Tonight I decided to just go out and take a walk with the Lord. I've really been neglecting my time with Him, and I could practically feel Him tugging at my heart to just go for a stroll with Him in the quiet of the night after the kids went to bed. Quiet to listen is such a rare commodity in a house with any three kids, but with my three kids it's a miracle to find any quiet at all. (We are undoubtedly a LOUD family - we must get it from Neal ;).)

I started just walking, praying in the spirit, singing a little worship, telling the Lord I was there and I was listening. I walked a while, and then I asked Him what He wanted to say to me. And eventually, but very clearly I heard it, "Stop striving." Immediately I thought of the vision of the drowning man. "Stop striving, just float, ride the waves, it will be OK."

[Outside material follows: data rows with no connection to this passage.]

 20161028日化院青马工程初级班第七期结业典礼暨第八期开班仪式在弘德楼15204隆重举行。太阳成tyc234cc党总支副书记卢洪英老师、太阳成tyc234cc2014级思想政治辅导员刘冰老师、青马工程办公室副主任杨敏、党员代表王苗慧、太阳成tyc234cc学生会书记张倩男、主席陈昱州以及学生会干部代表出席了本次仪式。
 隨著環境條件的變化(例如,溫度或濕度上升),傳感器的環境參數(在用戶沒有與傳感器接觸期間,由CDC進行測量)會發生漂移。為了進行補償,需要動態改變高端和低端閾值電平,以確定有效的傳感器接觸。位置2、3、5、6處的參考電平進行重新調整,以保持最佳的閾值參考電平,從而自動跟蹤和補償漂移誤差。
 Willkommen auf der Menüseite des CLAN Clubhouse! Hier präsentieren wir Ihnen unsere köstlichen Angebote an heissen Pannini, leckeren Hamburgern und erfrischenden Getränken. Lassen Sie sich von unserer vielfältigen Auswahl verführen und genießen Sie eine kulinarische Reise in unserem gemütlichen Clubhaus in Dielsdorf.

Today at church our pastor spoke on "The Secret of Joy and Contentment" from Philippians 4. It made me realize that was the word to describe how I have been feeling lately, highly discontent. Not in big things, I am very happily married, I adore my husband, I have three great kids, I am satisfied with our home (though I wish had more time to keep it clean.) But still, something in life has had me discontent.

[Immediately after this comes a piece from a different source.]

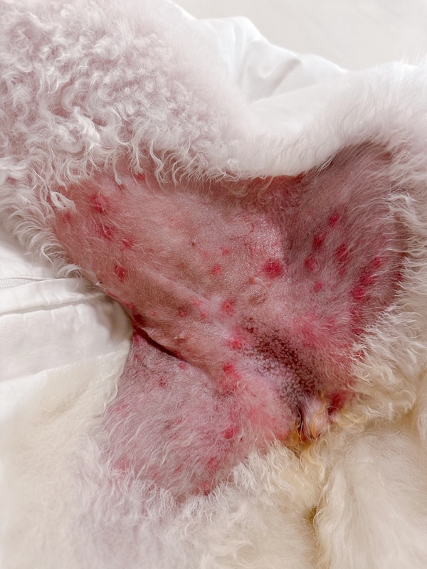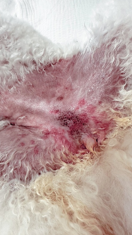 まずは、2歳の頃です。背中の真ん中におできのような物が出来て、破裂してしまいました。毎日ブラッシングしていたにも関わらず、破裂するまで気づきませんでした。写真からもわかるように、結構な大きさでした。写真が残っていなかったのですが、脇のあたりにもおできのようなものが良く出来ていました。

The core of Pastor's message today was the 4 things we can/ should do to keep from becoming discontent.

#1 - Avoid comparisons.
#2 - Learn to adjust to change.
#3 - Learn to draw on Christ's power.
#4 - Learn to trust God to meet your needs.

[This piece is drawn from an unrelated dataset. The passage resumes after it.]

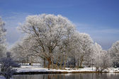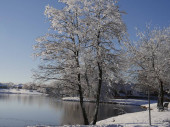 Piękny widok nad stawem w zimowy poranek, z kaczkami w tle

#1 is definitely not my problem. Not only do I not try to "keep up" with the Joneses, but I'm not even all that aware of what they have. I've just never been a "stuff" person.

#4 isn't a huge stretch for me either. I have learned a lot in the last few years about trusting God to meet our needs. Emotionally and spiritually I think I have done so for a while, and in the last couple years it's grown into the realm of the physical and financial.

So there lies the key. #2 and #3 are where my struggles have come. Change. I HATE change. I mean I know nobody likes change, but for me, I can't stand it. I remember one time our pastor wanted to stretch us on this point and he made us get up and move to different seats in the sanctuary. I joked I was going to leave the church over it. It was the most miserable 45 minutes I've ever spent in the building! And our family has been going through so much change in so many ways this past year: new schools, not by my choice; Victoria's gym closing suddenly and unexpectedly; Jake's entrance into high school is a lot of change and adjustment; my hours at work; Neal's mom's passing; it's just a long list. And as for #3, well, I surely have not been relying on the Lord's strength to get me through.

"Stop striving." I had to look it up. To strive - to struggle in opposition. That's me, I've been opposing the change, all the circumstances that have caused it as well as those that have resulted from it. And yet to one end? It certainly has no power to change the circumstances, it only serves to wear me out and make me feel like I am that drowning man.

So I guess it's time to float. I'm going to try to choose to be content, even in unexpected or unpleasant change. I'm going to draw on the Lord's power, maybe take these quiet strolls more often, and I'm going to even try to work on #4 a little more and trust that God will take care of the waves, whether it be by calming the storm or leading me through it. I'm going to work on my float.